To start the analyses, the user needs to upload a text file with gene/protein identifiers and select an organism. After data submission, a link is provided to the ‘Main Result page’. As soon as computations are finished, the results will be available there. The user can either bookmark this page and return to it in 2–3 h or periodically refresh it. The submitted gene/protein Ids are automatically mapped to the ‘Entrez Gene’ ids. Gene Id mapping is an inherently difficult problem. To escape errors in results related to mapping issues, we recommend submitting ‘Entrez Gene’ identifiers. We also suggest several resources (6,24,25), which primarily concentrated to solve Gene Id mapping problem. The mapping report is provided first. If the number of recognized gene/protein ids is less than 10 then the user will get an error message. Next, the table with a short description of the tools available for the submission is provided. Each line of the table corresponds to one tool. The first column of the table specifies the tool name, the second provides the status of the computations (or a link to the results of the tool, in the case the computations are finished). The third column provides a short summary of the tool: the statistical framework, the database of prior knowledge and the total number of gene covered/annotated in the database for the selected genome. After the computations are finished, the status ‘in progress’ is substituted with a link to the tool results (second column of the summary table). The structure of the output is the same for all ‘spider’ tools as well as for all ‘ProfCom’ tools. In the case of the ‘spider’ tools, the main output summarized in the table ‘Enriched sub-networks’, where the details of the best sub-network models (D1, D2, D3) inferred from the submitted gene list are provided. In the case of the ‘ProfCom’ tools, the user initially gets a short summary table which reports the top enriched complex classes of degree 0, 1, 2, 3. The last column in the table (‘full report’) provides links to the detailed reports of the ‘complex class’ of a given degree.

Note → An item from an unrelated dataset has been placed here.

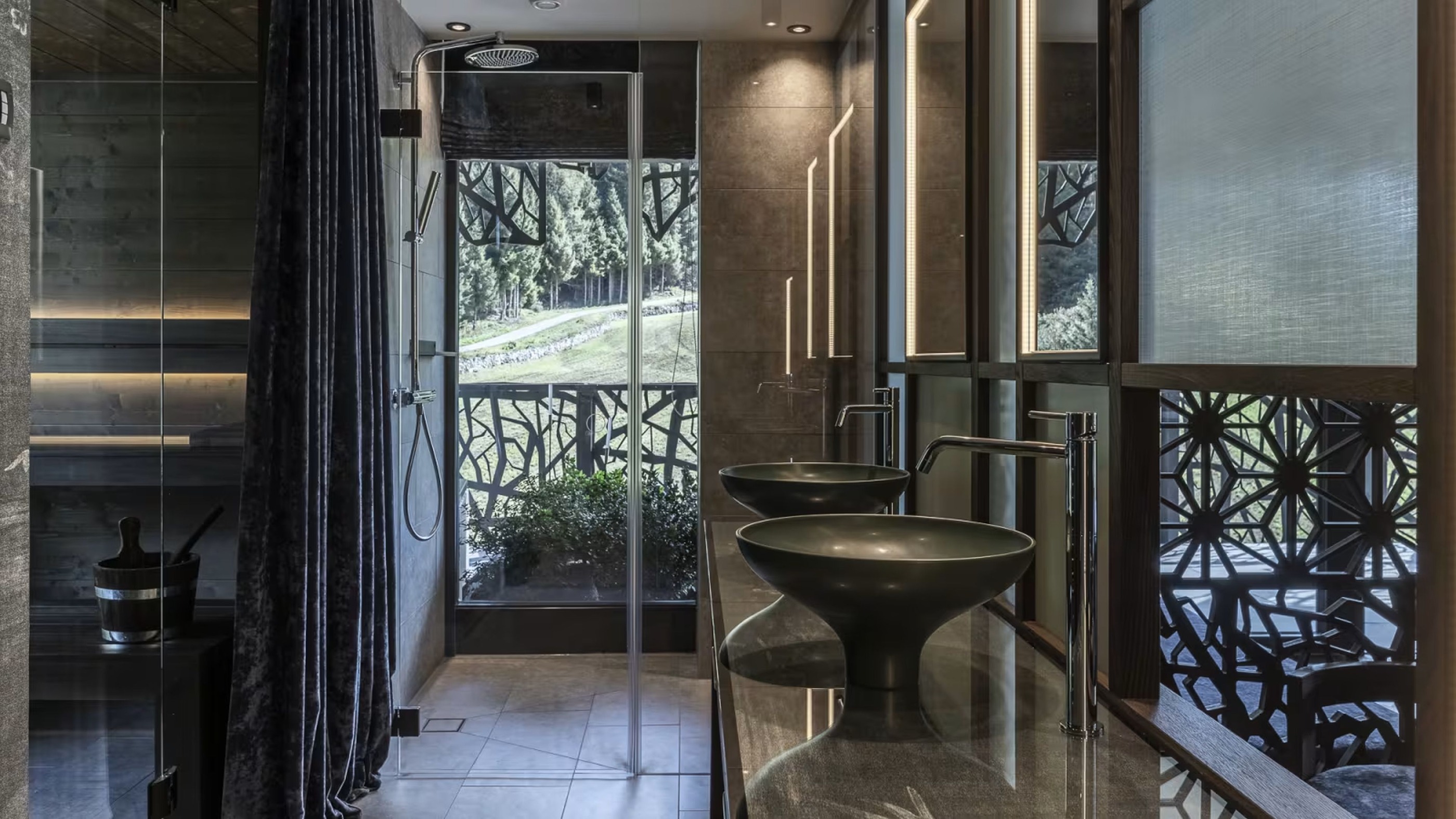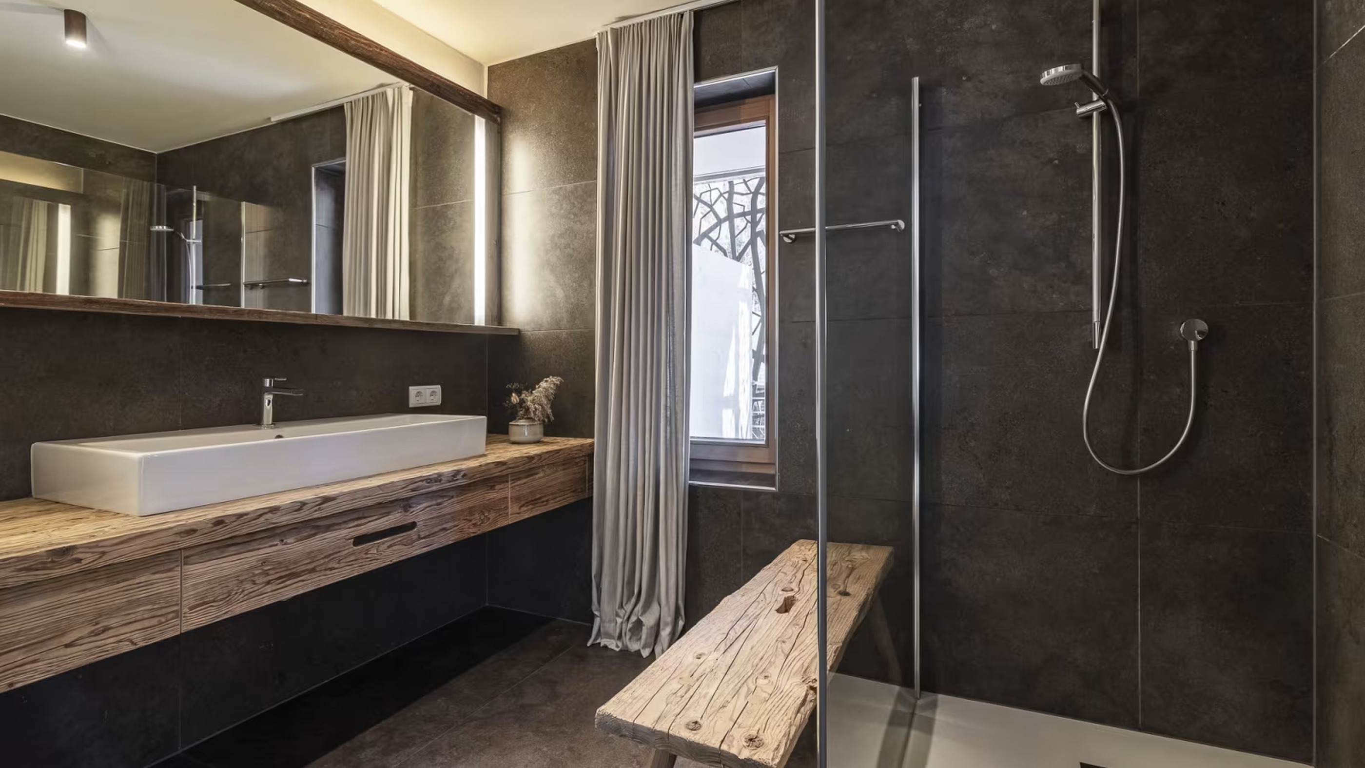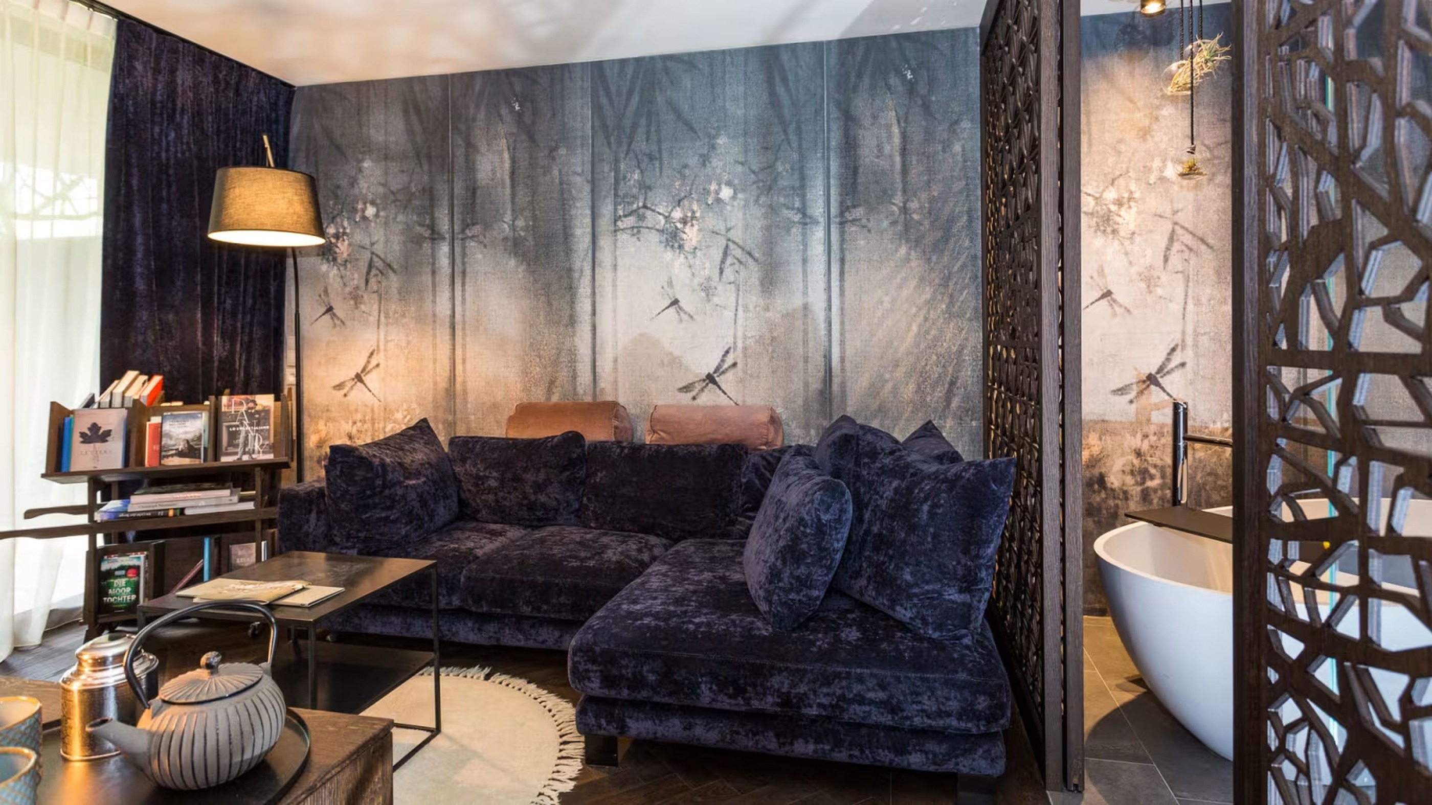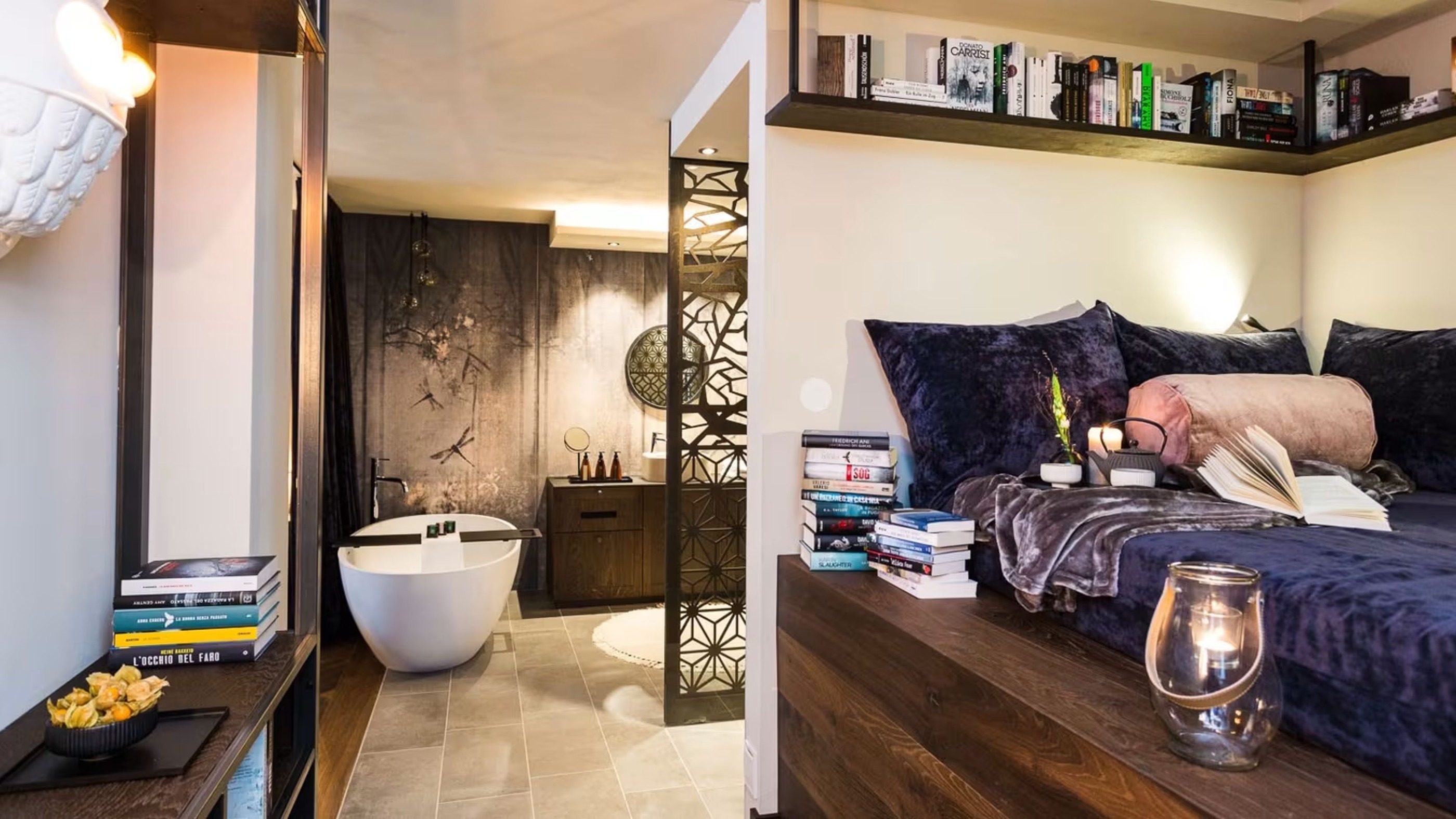 Design trifft auf Stille: Dunkle Hölzer, klare Linien, südostasiatische Elemente und alpine Akzente schaffen Räume voller Tiefe und Geborgenheit. Rückzugsorte, die inspirieren – innen wie außen.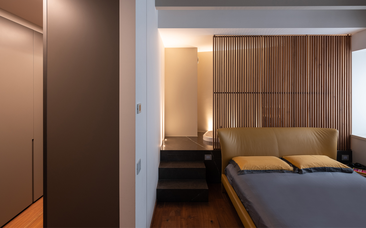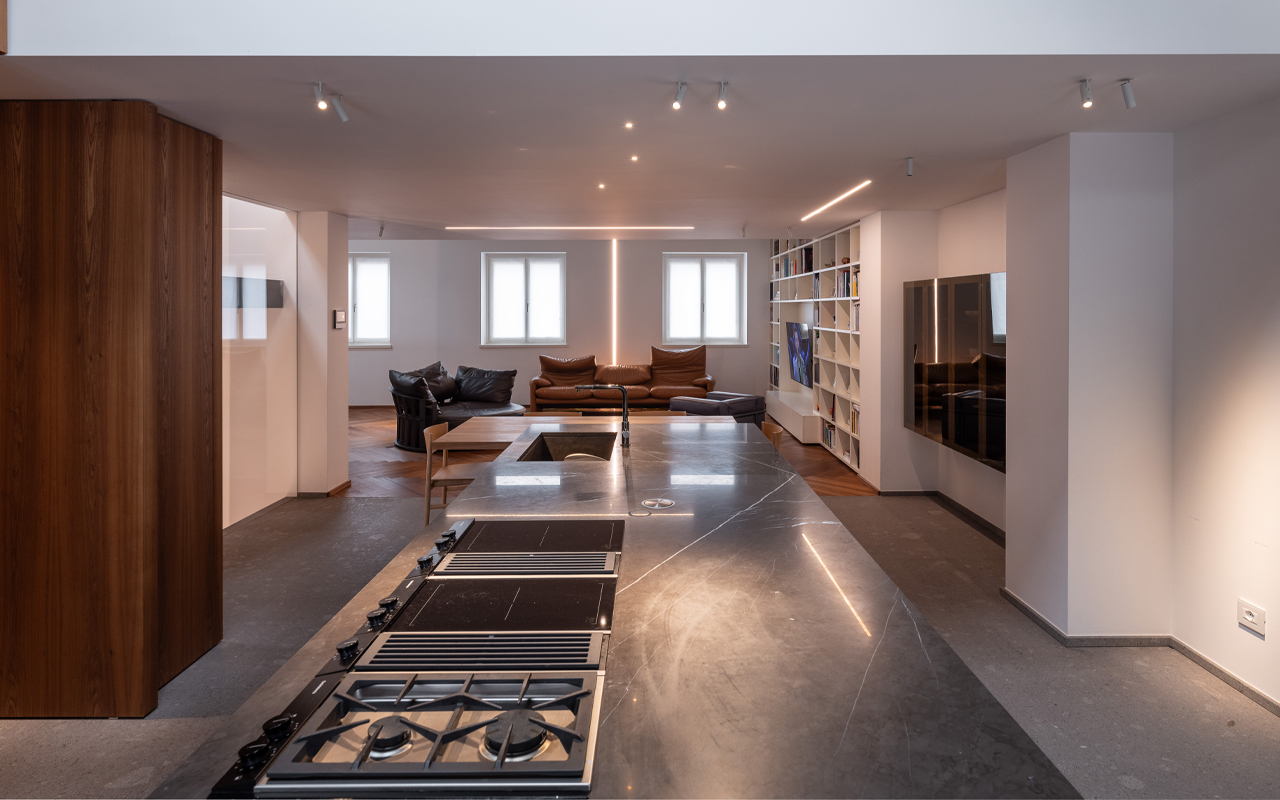 The guiding principle of the project was the choice of natural materials such as stone, wood and metal, which we find throughout the house. The flooring of the entrance and kitchen areas in pepper stone; the top of the kitchen in Grey Stone; the walnut parquet that heats the living area and the sleeping area; the important wooden panelling that integrates the appliances and hides the entrance to the service kitchen; the staircase, completely made of iron sheet. This is the box that houses designer furniture by Cassina, Poltrona Frau, Porro and Maxalto, creating the perfect home for its inhabitants. Last but not least, the lighting project has also been completely redesigned and designed by Zenucchi: light blades and spotlights alternate and accompany us in all environments. A cleverly designed architectural light, combined with decorative elements that soften the atmosphere.

Example: Bosutinib protein targets

BioProfiling.de provides a comprehensive functional profiling of a gene/protein list from various biological perspectives. The next example aims to demonstrate a wide spectrum of biological insights that one can get by using BioProfiling.de. Bosutinib is a novel drug (promiscuous kinase inhibitor). The whole proteome binding spectra of Bosutinib was identified by chemical proteomics (26), in total 55 proteins were reported to be direct Bosutinib interactors. Here, we used BioProfiling.de to understand properties of Bosutinib protein targets. As one might expect, the list of Bosutinib protein targets was significantly enriched from many functional perspectives. Particularly, interesting are results produced by ProfCom_PROT_MOTIF, a new tool in BioProfiling.de collection. In this case, the logical combinations of amino acid triplets highly discriminative between the list of Bosutinib protein targets and the whole-human proteome are reported. For example, logical pattern ‘((DFG and HRD) not (LPY, HEE))’ was present in 50 (out of 55) Bosutinib protein targets while only 305 (out of approximately 25 000) proteins in the whole genome comply with the pattern. The P-value of the enrichment adjusted by Bonferroni correction for multiple testing is 1.6e-77. In addition, results by spider tools (PPI spider, R spider) suggest that Bosutinib protein targets form densely interaction pattern. The result supports the novel ‘network pharmacology’ paradigm (27) in drug discovery: to be effective the drug should target multiple functionally dependent targets.

CONCLUSIONS

BioProfiling.de provides experimentalists a comprehensive toolkit for gene/protein list interpretation. In one submission, the gene list is profiled with respect to the most information available regarding gene function (GO), pathway relations (KEGG database, Reactome knowledgebase), protein interactions (IntAct), in silico predicted gene to MiRNA associations (GeneSet2MiRNA), information collected by text mining (PLIPS and CCancer) and protein ‘amino acid triplets’ composition. BioProfiling.de implements two statistical frameworks (‘ProfCom’ and ‘Global Network’), which allow fast implementation of new tools capable to explore novel biological principles (as prior knowledge) to group genes into functional classes or to associate genes by edge into global gene network. In the future, the collection of tools is going to expand to cover novel biological principles to profile gene/protein list using either ‘ProfCom’ or ‘Global network’ statistical framework. We also would like to point out that both statistical frameworks (‘ProfCom’, ‘Global Network’) are implemented only at BioProfiling.de tools. Although, there are many tools for the functional profiling of gene/protein lists, there several features in both frameworks which make BioProfiling.de distinguishable. Therefore, BioProfiling.de provides a combination of traits that makes it different among other resources available.

FUNDING

This work was supported by the Helmholtz Association “Impuls und Vernetzungsfonds” (Systems Biology Alliance). Funding for open access charge: Helmholtz Zentrum München. Conflict of interest statement. None declared.
  27 in total

1.  PLIPS, an automatically collected database of protein lists reported by proteomics studies.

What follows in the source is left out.